* **Task description**
Write out the lines below exactly, beginning at the one with "Küche im OG" and stopping after the one with "Figuur 3. Het"; the pictures are not copied.

* **Data in this exercise**

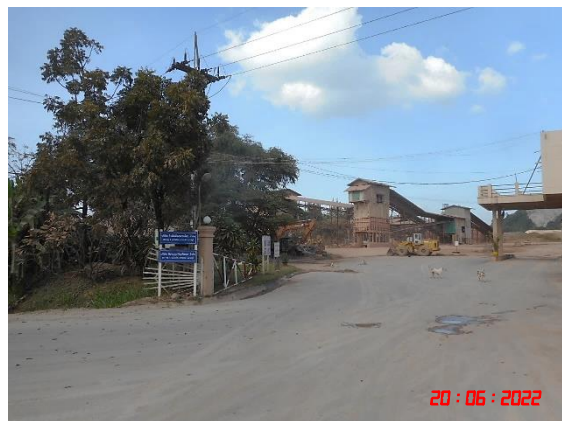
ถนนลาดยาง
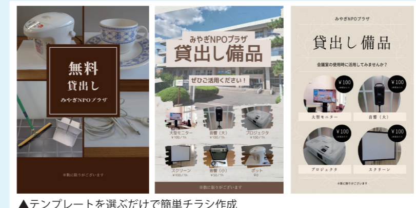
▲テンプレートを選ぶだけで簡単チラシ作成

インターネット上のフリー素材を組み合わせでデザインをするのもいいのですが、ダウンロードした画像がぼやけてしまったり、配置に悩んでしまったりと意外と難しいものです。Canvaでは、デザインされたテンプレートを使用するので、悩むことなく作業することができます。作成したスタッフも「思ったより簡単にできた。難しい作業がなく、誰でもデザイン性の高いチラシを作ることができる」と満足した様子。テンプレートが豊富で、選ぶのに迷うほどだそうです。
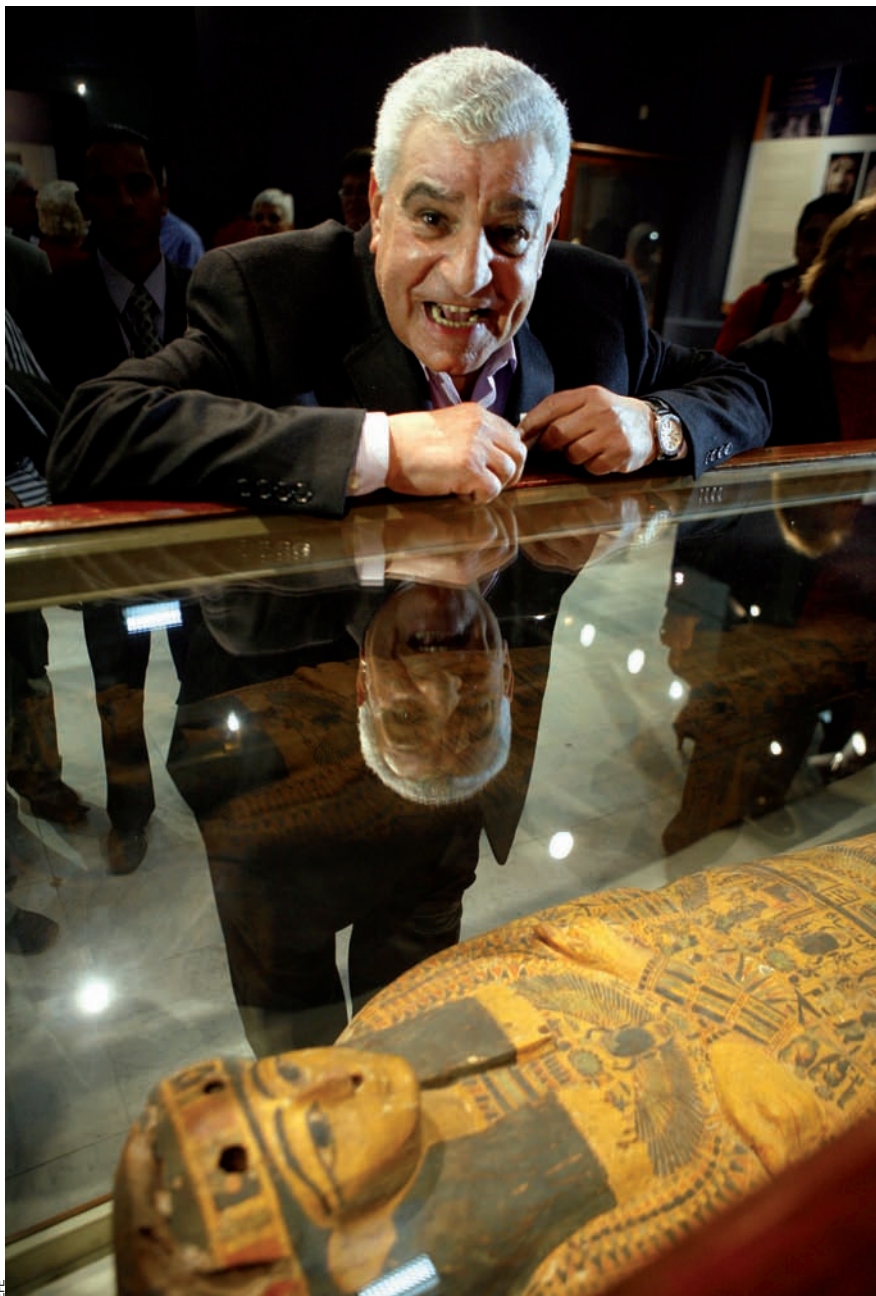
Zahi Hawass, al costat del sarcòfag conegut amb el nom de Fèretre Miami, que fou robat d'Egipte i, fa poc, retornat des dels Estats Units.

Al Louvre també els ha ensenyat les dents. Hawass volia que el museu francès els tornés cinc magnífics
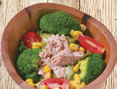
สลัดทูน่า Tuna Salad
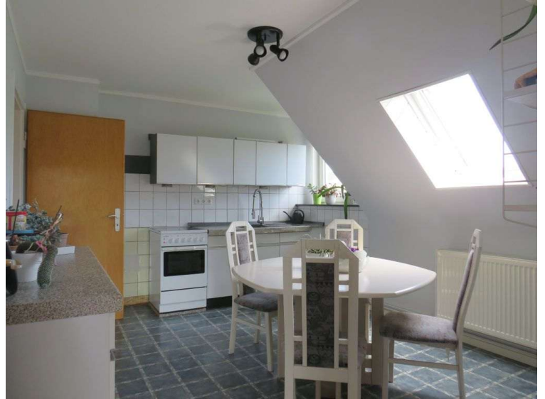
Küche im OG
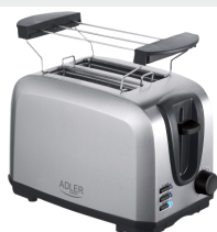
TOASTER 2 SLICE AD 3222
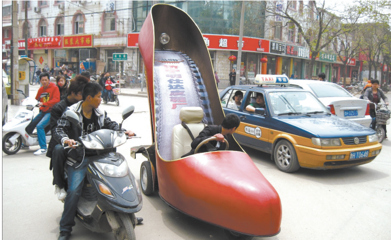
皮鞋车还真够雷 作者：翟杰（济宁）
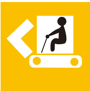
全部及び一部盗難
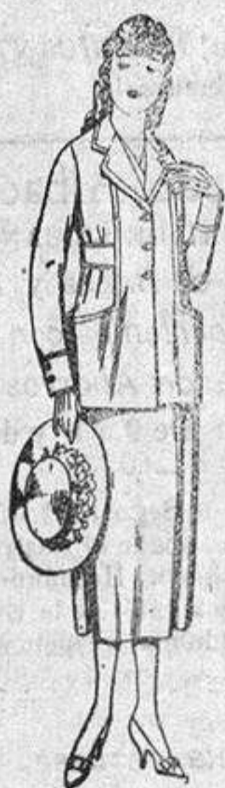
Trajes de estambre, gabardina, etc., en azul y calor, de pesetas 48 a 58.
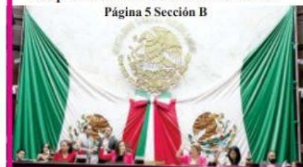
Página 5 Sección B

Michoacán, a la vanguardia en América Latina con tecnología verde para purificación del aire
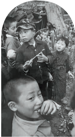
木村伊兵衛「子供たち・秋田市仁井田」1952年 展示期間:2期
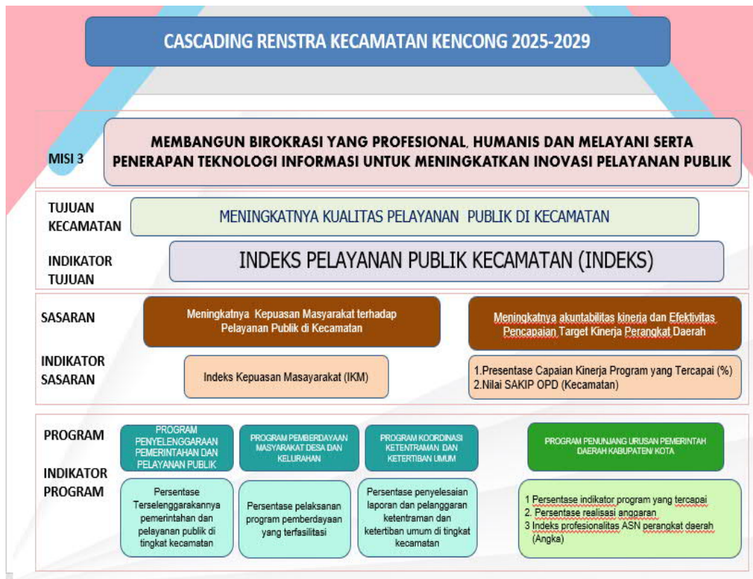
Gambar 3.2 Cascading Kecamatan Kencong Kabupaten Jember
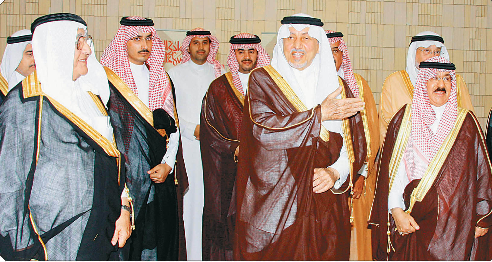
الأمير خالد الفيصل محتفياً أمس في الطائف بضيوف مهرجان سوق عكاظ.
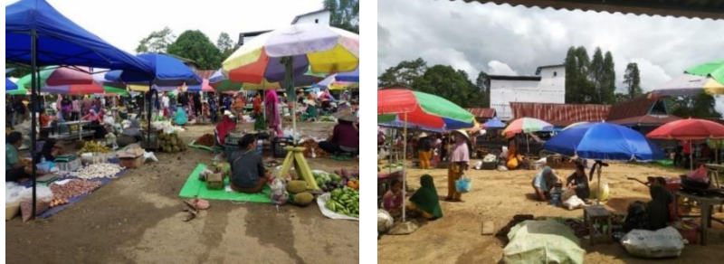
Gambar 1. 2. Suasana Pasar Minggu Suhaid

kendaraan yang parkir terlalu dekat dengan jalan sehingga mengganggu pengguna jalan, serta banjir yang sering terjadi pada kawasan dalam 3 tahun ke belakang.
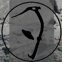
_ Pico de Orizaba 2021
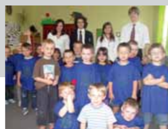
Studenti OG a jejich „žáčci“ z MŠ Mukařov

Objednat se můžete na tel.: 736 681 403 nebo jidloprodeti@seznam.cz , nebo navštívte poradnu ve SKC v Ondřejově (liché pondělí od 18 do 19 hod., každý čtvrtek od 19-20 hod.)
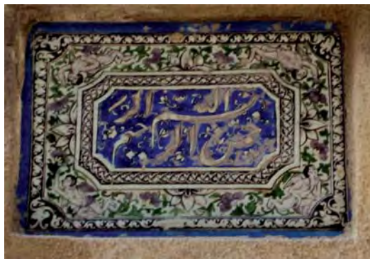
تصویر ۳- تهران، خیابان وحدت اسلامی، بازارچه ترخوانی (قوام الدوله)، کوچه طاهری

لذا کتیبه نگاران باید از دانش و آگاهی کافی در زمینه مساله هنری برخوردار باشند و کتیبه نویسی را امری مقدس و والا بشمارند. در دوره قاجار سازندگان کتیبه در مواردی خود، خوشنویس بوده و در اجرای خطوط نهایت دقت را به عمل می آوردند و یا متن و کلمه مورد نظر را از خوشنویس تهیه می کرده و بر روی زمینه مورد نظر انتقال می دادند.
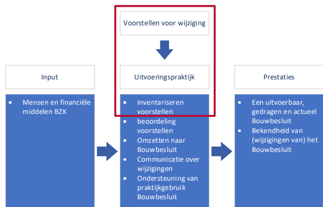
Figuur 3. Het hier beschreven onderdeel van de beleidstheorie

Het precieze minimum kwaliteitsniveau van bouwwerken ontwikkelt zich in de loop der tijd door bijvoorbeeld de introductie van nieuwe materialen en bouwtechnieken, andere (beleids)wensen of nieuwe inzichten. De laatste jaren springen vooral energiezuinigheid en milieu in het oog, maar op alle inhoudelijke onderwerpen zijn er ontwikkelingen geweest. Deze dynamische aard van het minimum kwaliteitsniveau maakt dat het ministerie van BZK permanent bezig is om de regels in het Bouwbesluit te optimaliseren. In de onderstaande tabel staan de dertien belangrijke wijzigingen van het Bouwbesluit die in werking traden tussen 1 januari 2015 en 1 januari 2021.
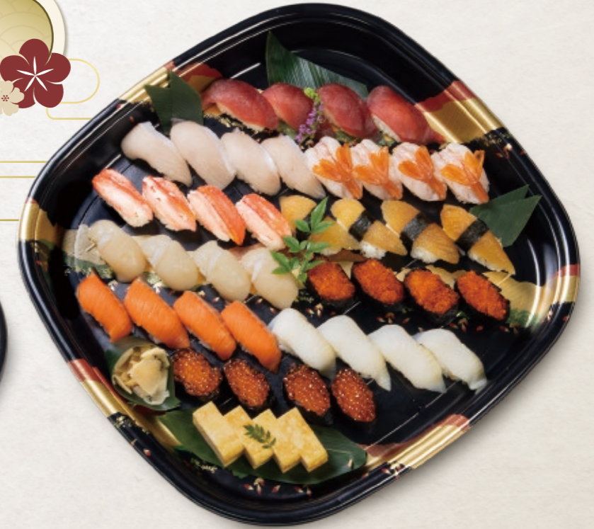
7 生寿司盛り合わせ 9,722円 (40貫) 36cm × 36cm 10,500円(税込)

* **Answer to this problem**
Küche im OG
TOASTER 2 SLICE AD 3222
皮鞋车还真够雷 作者：翟杰（济宁）
全部及び一部盗難
Trajes de estambre, gabardina, etc., en azul y calor, de pesetas 48 a 58.
Página 5 Sección B

Michoacán, a la vanguardia en América Latina con tecnología verde para purificación del aire
木村伊兵衛「子供たち・秋田市仁井田」1952年 展示期間:2期
Gambar 3.2 Cascading Kecamatan Kencong Kabupaten Jember
الأمير خالد الفيصل محتفياً أمس في الطائف بضيوف مهرجان سوق عكاظ.
Gambar 1. 2. Suasana Pasar Minggu Suhaid

kendaraan yang parkir terlalu dekat dengan jalan sehingga mengganggu pengguna jalan, serta banjir yang sering terjadi pada kawasan dalam 3 tahun ke belakang.
_ Pico de Orizaba 2021
Studenti OG a jejich „žáčci“ z MŠ Mukařov

Objednat se můžete na tel.: 736 681 403 nebo jidloprodeti@seznam.cz , nebo navštívte poradnu ve SKC v Ondřejově (liché pondělí od 18 do 19 hod., každý čtvrtek od 19-20 hod.)
تصویر ۳- تهران، خیابان وحدت اسلامی، بازارچه ترخوانی (قوام الدوله)، کوچه طاهری

لذا کتیبه نگاران باید از دانش و آگاهی کافی در زمینه مساله هنری برخوردار باشند و کتیبه نویسی را امری مقدس و والا بشمارند. در دوره قاجار سازندگان کتیبه در مواردی خود، خوشنویس بوده و در اجرای خطوط نهایت دقت را به عمل می آوردند و یا متن و کلمه مورد نظر را از خوشنویس تهیه می کرده و بر روی زمینه مورد نظر انتقال می دادند.
Figuur 3. Het hier beschreven onderdeel van de beleidstheorie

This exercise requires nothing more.